Günter Schwartzkopff (5 August 1898 – 14 May 1940) was an officer in the Luftwaffe during World War II. He was the namesake of the Bundeswehr General Schwartzkopff barracks in Hamburg which was renamed the Generalleutnant-Graf-von-Baudissin-Kaserne in June 1994.

Schwartzkopf was an important figure in the development of the dive-bomber arm in the pre-war Luftwaffe.

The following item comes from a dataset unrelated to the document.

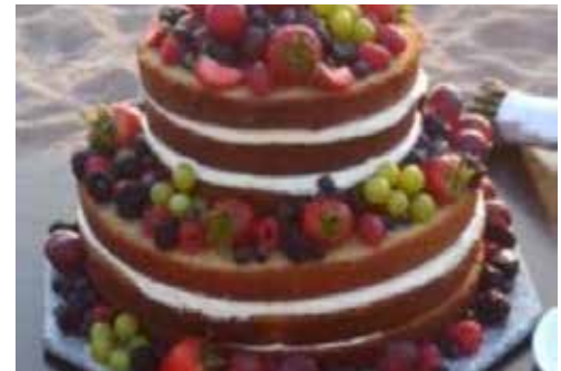
Fruit decoration wedding cake $40 USD

He is credited with the title "Father of the Stuka.

He was awarded the Knight's Cross of the Iron Cross on 24 November 1939 and posthumously promoted to Generalmajor. He was killed on 14 May 1940 after his Junkers Ju 87 was shot down during the Battle of France.

==Early life and career, World War I==
Schwartzkopff was born on 5 August 1898 in Forbach (now Polska Wieś) in the German Empire. In October 1914, he joined the military service in the Heer as a Fahnenjunker (officer cadet), serving with Infanterie-Regiment Nr. 41, an infantry regiment of the 1st Division. Schwartzkopff joined the Fliegertruppe in 1916 after being badly wounded in the Battle of Verdun in World War I.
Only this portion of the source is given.